Speaking to Times of Malta Cassola said: “We, Maltese and residents, are already limited by the small size of our country. Unlike other bigger countries, we have no lakes, no rivers, no mountains, no forests.

"Our only safety valve for some stress relief is the countryside and the seacoast.

"It is simply unacceptable that, while relatively huge tracts of land, even agricultural, are being taken over for the building of skyscrapers and flyovers, access to the countryside and to the coast is being blocked off.

"The right to the enjoyment of one's private property is sacrosanct. People must not enter private property. But the right to the free access to public paths leading to the coast is also sacrosanct,” he said.

In a post on Facebook, the Ramblers Association noted that someone installed a no entry sign outside the country lane leading to Fomm ir-Riħ. The sign reads: Private property. Enjoy the countryside from the road.

In the post they added that the government, the association and the landowner were presently negotiating in good faith to provide safe access to the foreshore through the cliff side passage.

“We cannot possibly have the lane leading to the cliff side passage blocked by another third party now,” the association said.

Questions sent to the Lands Authority and the Economy Ministry, asking if there are plans to address the situation, remained unanswered by the time of writing.


What areas are deemed public domain?

The Public Domain Law, enacted in 2016, states that that the coastal perimeter (defined as that part of the land which lies 15 metres from the shoreline inwards, whether it is foreshore, landmass or cliff or is a combination of them), internal waters such as bays and the seabed and subsoil are automatically public domain.

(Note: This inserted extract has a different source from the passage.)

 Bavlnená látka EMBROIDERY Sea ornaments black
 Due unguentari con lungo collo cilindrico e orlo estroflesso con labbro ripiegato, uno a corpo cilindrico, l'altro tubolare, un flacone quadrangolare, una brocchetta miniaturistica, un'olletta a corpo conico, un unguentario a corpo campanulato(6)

The foreshore is that part of the coastal perimeter, including where it exceeds 15 metres, which is normally covered by water. Where the foreshore is landlocked by private property, the government has the right to compel private landowners to form a right of way through the private land to allow the public to reach the foreshore.

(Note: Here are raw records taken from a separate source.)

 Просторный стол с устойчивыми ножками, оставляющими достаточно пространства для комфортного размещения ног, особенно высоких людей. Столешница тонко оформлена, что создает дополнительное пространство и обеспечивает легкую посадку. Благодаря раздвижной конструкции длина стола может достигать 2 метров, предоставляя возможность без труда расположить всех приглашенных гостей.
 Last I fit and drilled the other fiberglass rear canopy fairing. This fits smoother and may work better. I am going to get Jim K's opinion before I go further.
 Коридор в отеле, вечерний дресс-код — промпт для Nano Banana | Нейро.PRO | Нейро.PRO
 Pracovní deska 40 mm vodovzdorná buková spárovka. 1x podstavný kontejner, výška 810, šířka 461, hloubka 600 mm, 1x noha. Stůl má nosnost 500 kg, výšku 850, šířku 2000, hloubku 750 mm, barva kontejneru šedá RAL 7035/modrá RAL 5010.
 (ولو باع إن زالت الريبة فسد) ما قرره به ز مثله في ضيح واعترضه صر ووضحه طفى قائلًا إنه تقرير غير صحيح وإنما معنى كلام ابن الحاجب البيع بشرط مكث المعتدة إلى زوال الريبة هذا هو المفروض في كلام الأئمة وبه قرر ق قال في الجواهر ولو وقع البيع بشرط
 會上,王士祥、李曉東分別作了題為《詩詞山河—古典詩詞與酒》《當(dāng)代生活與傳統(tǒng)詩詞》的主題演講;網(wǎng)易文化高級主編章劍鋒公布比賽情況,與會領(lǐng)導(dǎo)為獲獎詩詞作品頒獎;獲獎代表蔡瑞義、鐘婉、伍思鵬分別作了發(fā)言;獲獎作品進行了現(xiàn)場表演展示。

So, are there other public domain areas apart from the foreshore?

There should be.

Other than that, other sites can be listed as public domain, following approval in Parliament.

According to the law, public domain sites can be proposed by environmental NGOs and ministers.

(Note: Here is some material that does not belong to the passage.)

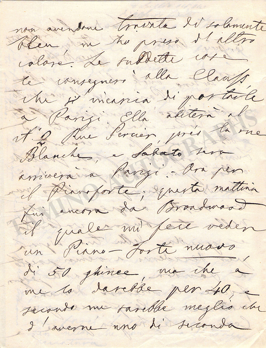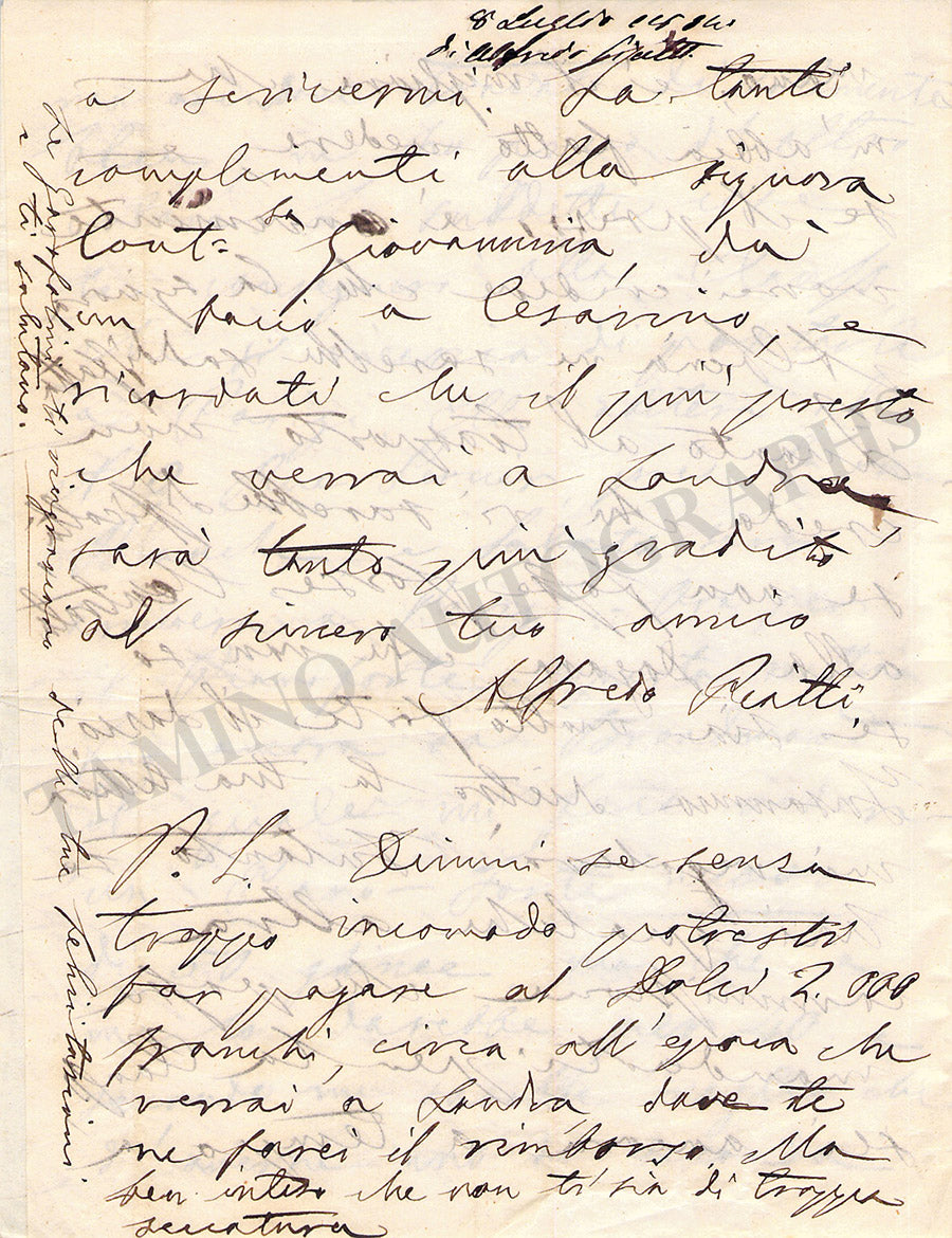 Autograph letter signed by him, in Italian, sold with translation and transcription, dated in London, July 8, 1854, to a friend about the personal and music business. Size is 5.4 x 7 inches, 4 written pages in one folded sheet, in very good condition.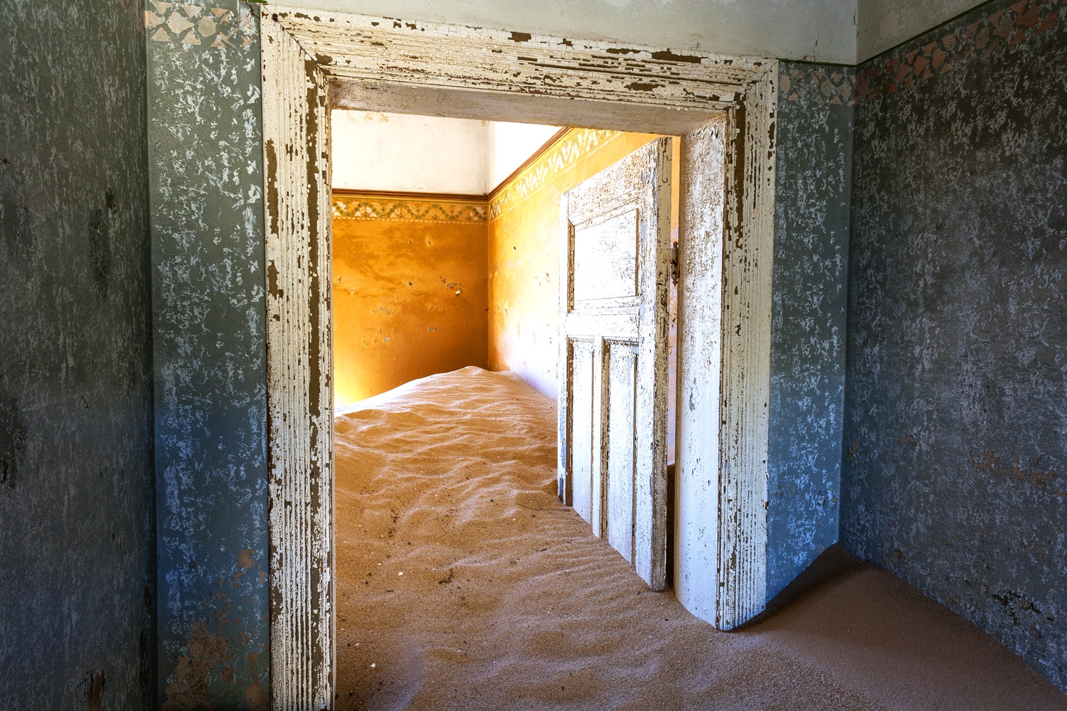 The town started to decline after World War II when the diamond-field slowly started to deplete. By the early 50s, the area was in decline and was ultimately abandoned in 1956. Since then the desert has started to reclaim the town. Sand has invaded most houses and filled up the interior of some rooms almost to the ceiling.

Every year, a consultation exercise should be held for the public to submit their comments on sites designated for public domain status.

Over the years NGOs have listed over 20 sites - including Manoel Island, Comino, Pembroke, Simblija, Fomm ir-Riħ - but none were declared public domain so far.

What about the countryside, is it public domain?

Not automatically since some land is private.

The public has access to all public pathways. The problem is that the government has not published a definitive map of countryside lanes.

To check whether a lane is public, one has to go to the Lands Authority. There are lanes which are private.

In some cases, if the public has used the lane for at least 30 years, the public gains a right of servitude through the lane. But this does not apply in all cases as other legal requirements may also have to be met.

The facts have been compiled with the assistance of Ingram Bondin and Claire Bonello.